"It is a worst case scenario, but Neil Barofsky, the inspector general for the Troubled Asset Relief Program, has said the bailouts, bank rescues and other economic lifelines could end up costing the federal government as much as $23.7 Trillion. To put this number into perspective, it is nearly double the nation’s entire economic output for a year, more than the cost of all the wars the United States has ever fought combined and the most the federal government has spent on any single effort in American history. It is about $80,000 for every U.S. citizen.
Printing and borrowing $800 billion to hand over to the banks with no strings attached never seemed like a good idea. We wrote about it back in October of 2008 in this article.* And despite some 80% of Americans being against the bailouts, our elected officials decided to hand over taxpayer money to their banker buddies anyway. Many of the banks that got federal aid to support increased lending have instead used some of the money to make investments, repay debts or buy other banks. It is not clear whether the report will also disclose the banks’ use of the bailout money to pay executives fat bonuses which they used to buy gold toilets and prostitutes, and to lobby Congress to stop any meaningful reform.”
It is infuriating and does not bode well for the U.S. dollar or our economic future. There is a point on the horizon when foreign governments and banks are going to stop buying our debt and holding our dollars. First we had news that the 2009 deficit had already topped $1 Trillion for the first time in history. As if that wasn’t bad enough, the sticker shock from this latest estimate is really going to upset some of our Eastern trading partners.

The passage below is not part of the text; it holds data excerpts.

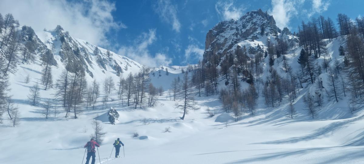 Partant directement du parking de Chialvetta, on remonte dans la forêt, en direction de la Grange Ussiera 1813 m. Ensuite par un cheminement varié entre de petits thalwegs, on laisse à notre gauche le Monte Ciabert et on rejoint, par des pentes raides, le col Solegio bue puis le sommet du même nom 2400 m.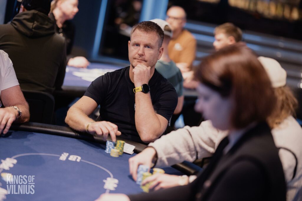 Vidar Assersen was all-in for 90,000 from the big blind after calling off a jam from Liutauras Armanavicius from the small blind.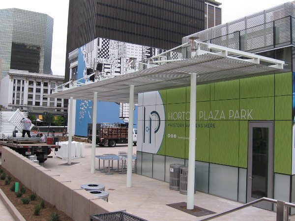 The modern, expansive Horton Plaza Park is a fantastic addition to downtown San Diego, but its creation took many years of planning and hard work. One last photo that was taken about a week prior to the grand opening.
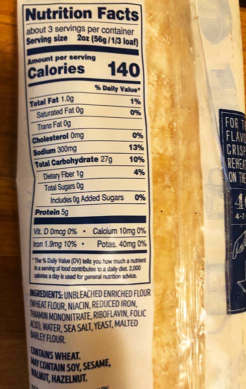 CIABATTA DEMI BAGUETTE – Its a half size “demi” ciabatta bread. We tried it. We loved it. It comes slightly underbaked, to allow for additional baking that you will finish. This will really improve it to almost “freshly baked right out of the oven” status. Just pop it in for about 4-7 minutes in a 400 degree oven.

A figure like $24 Trillion just might be the breaking point for an already furious Chinese administration that has thus far been willing to support the dollar and our government’s spending binge for fear of losing American consumer demand. The tipping point comes when it is no longer worthwhile for China, Japan and others to continue financing America and propping up our sick economy. While I used to believe that point was still a few years away, it now seems to be rushing upon us full throttle. When the dollar collapse begins, I expect the drop to be fast and furious. Savvy people will want to be positioned well before the bottom falls out."